What you have to do:
Within the entries below, please return exactly the lines from the one with "強粘着ふせんK2 75×75 10冊" through the one with "Szklanka do whisky", leaving out any pictures.

== Segment start ==

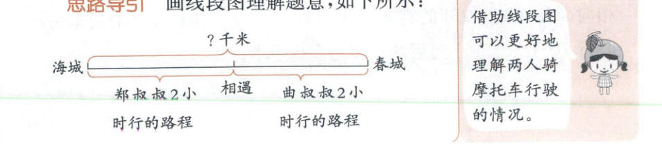 从图中可以看出,郑叔叔的速度×相遇时间+曲叔叔的速度×相遇时间=总路程;两人行驶的时间相同,两人的速度和×相遇时间=总路程,即(郑叔叔的速度+曲叔叔的速度)×相遇时间=总路程。
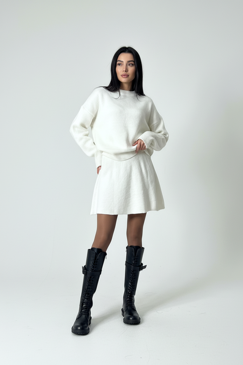 This set balances softness and structure in a way that feels natural on the body. The long sleeve pullover drapes cleanly, while the high waist A line mini skirt defines the waist and creates a longer leg line.
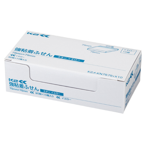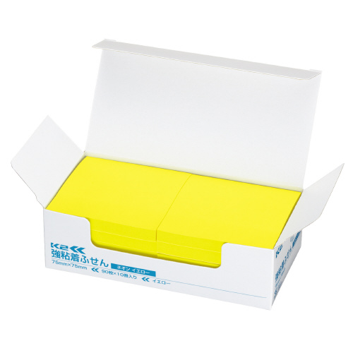 強粘着ふせんK2 75×75 10冊 正方形タイプ(ネオン・イエロー) K2メ-KN7575YX10
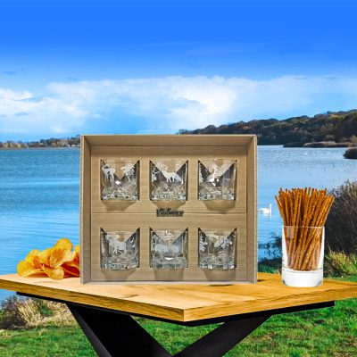Szklanka do whisky “KWADRAT” o pojemności 250 ml. Elegancki upominek dla myśliwego. Szklanka jest wypiaskowana , co sprawia że wygląda jak by była zmrożona. Ozdobiona jest motywem zwierząt łownych. Jedno zdjęcie przedstawia jedną szklankę z dwóch stron. Można ją ozdobić z jednej strony zwierzętami a z drugiej strony postacią myśliwego. Wygodna szklanka o dużej pojemności, dobrze trzyma się w dłoni. W komplecie znajduję się 6 szklanek w kartonie firmowym VIOLMAX. W zależności od potrzeby, można je ozdobić zwierzętami takimi jak: bażant, kaczka, dzik, jeleń, łoś, muflon, lis oraz zając. Całość jest zapakowana w estetycznym i ekologicznym kartonie. Nadaje się do mycia w zmywarce.
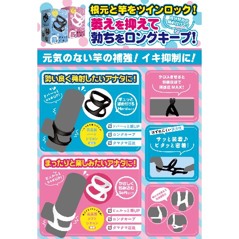 超!ぷにっとりんぐから根元と竿元に簡単装着が出来るツインロックハードverが登場。サッと装着♪ピタッと密着!はずれにくい弾力性、臭いのない高品質シリコンで根元と竿元をしっかり締め付け、着けてるストレスを軽減!すべすべ装着感で毛の巻き込みを緩和。 挟み込んだり押しだしたりタマタマ圧迫の使い方も色ー。着け方を変えて圧迫感も変化♪ 自分好みの締め付けで、勃ちの維持!萎え気味の竿の補強!イキ抑制!クロスさせると包囲圧迫で頑強度MAXに!ハードな締めつけでドバーっと出る感UP♪きゅーっと超極楽発射!検査番号:2205489

== Segment end ==

Output of the task:
 強粘着ふせんK2 75×75 10冊 正方形タイプ(ネオン・イエロー) K2メ-KN7575YX10
Szklanka do whisky “KWADRAT” o pojemności 250 ml. Elegancki upominek dla myśliwego. Szklanka jest wypiaskowana , co sprawia że wygląda jak by była zmrożona. Ozdobiona jest motywem zwierząt łownych. Jedno zdjęcie przedstawia jedną szklankę z dwóch stron. Można ją ozdobić z jednej strony zwierzętami a z drugiej strony postacią myśliwego. Wygodna szklanka o dużej pojemności, dobrze trzyma się w dłoni. W komplecie znajduję się 6 szklanek w kartonie firmowym VIOLMAX. W zależności od potrzeby, można je ozdobić zwierzętami takimi jak: bażant, kaczka, dzik, jeleń, łoś, muflon, lis oraz zając. Całość jest zapakowana w estetycznym i ekologicznym kartonie. Nadaje się do mycia w zmywarce.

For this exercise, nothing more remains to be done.